He had started at “The Latte Leopard”. The name had of course made him chuckle, so he had gone inside filled with milky hope. Instead he discovered they specialised in ‘flavoured lattes’ by adding all manner of sickly sweet extras – presumably to disguise the taste of their hideously poor beans. A suspicion, that later turned to fact after he ordered an Americano.
“Full of Beans” was next. It was run by a wired Meercat called Snitch who talked at high speed from the moment he walked in to the moment he walked out – stopping only to throw back espressos which kept magically appearing in his little paws. Clearly he drank too much of his own wares, but Leopard was hopeful the addict before him could pull a decent shot. How wrong he was. It was sour, burnt and had no crema, just a brownish smear on the side of the small cup – which, upon closer inspection, could actually have been dirt.

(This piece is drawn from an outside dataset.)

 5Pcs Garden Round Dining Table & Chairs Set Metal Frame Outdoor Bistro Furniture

Day 3 involved an early morning visit to “The Double Shot Hunter”. The barista, a surly Honey Badger this time, looked blankly at Leopard when he asked for a macchiato. So, with a sigh, he carefully explained it was similar to a cortado – but of course very different because one obviously uses foam instead of steamed milk. The blank look turned to irritation, so Leopard hastily explained further that it was also along the lines of a flat white or a piccolo, either of which he would also be more than happy with. This caused Honey Badger to begin to growl. So, to keep the peace (and his perfect face) Leopard said he would actually be marvellously content with a simple cappuccino if it wasn’t too much trouble thank you very much. Honey Badger stared him down for 10 whole seconds before asking “so you want milk with it then?”.
chapter ii – hot, hot hot
“You’re new here aren’t you?”
The question ripped Leopard from his mournful memories and back to his current cup of hot (Hog) coffee.

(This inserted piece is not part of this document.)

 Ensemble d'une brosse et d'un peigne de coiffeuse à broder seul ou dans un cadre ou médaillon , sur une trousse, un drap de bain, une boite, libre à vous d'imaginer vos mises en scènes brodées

He blinked up from the steam to the source of the question.
The sight before him completely evaporated any words from his mouth. And apparently all thoughts from his head.
Before him stood the most perfect cat. Graceful and poised with vast golden lakes for eyes that reached out and drowned him in their mysterious depths.
She reached out a perfect paw, “Hi, I’m Cheetah”
“er…um…Leopard”, he stumbled.
“Pleased to meet you, Leopard” she purred, shaking his paw.
Her touch was silken, yet powerful. Her claws (Un-retractable! Always ready for action!) grazed his pads as she took her paw back.
Leopard now found his voice; the words babbling out of him in a gush, “You can call me Leo though - my friends call me Leo – well some of them - which is kinda weird because I am an Aquarius, not a leo - and I am also not a lion - I am…a… leopard”.
“Yes,” she said. “I spotted that”.
His grin spread wider than his saucer eyes.
“Enjoying the coffee?” she enquired mildly.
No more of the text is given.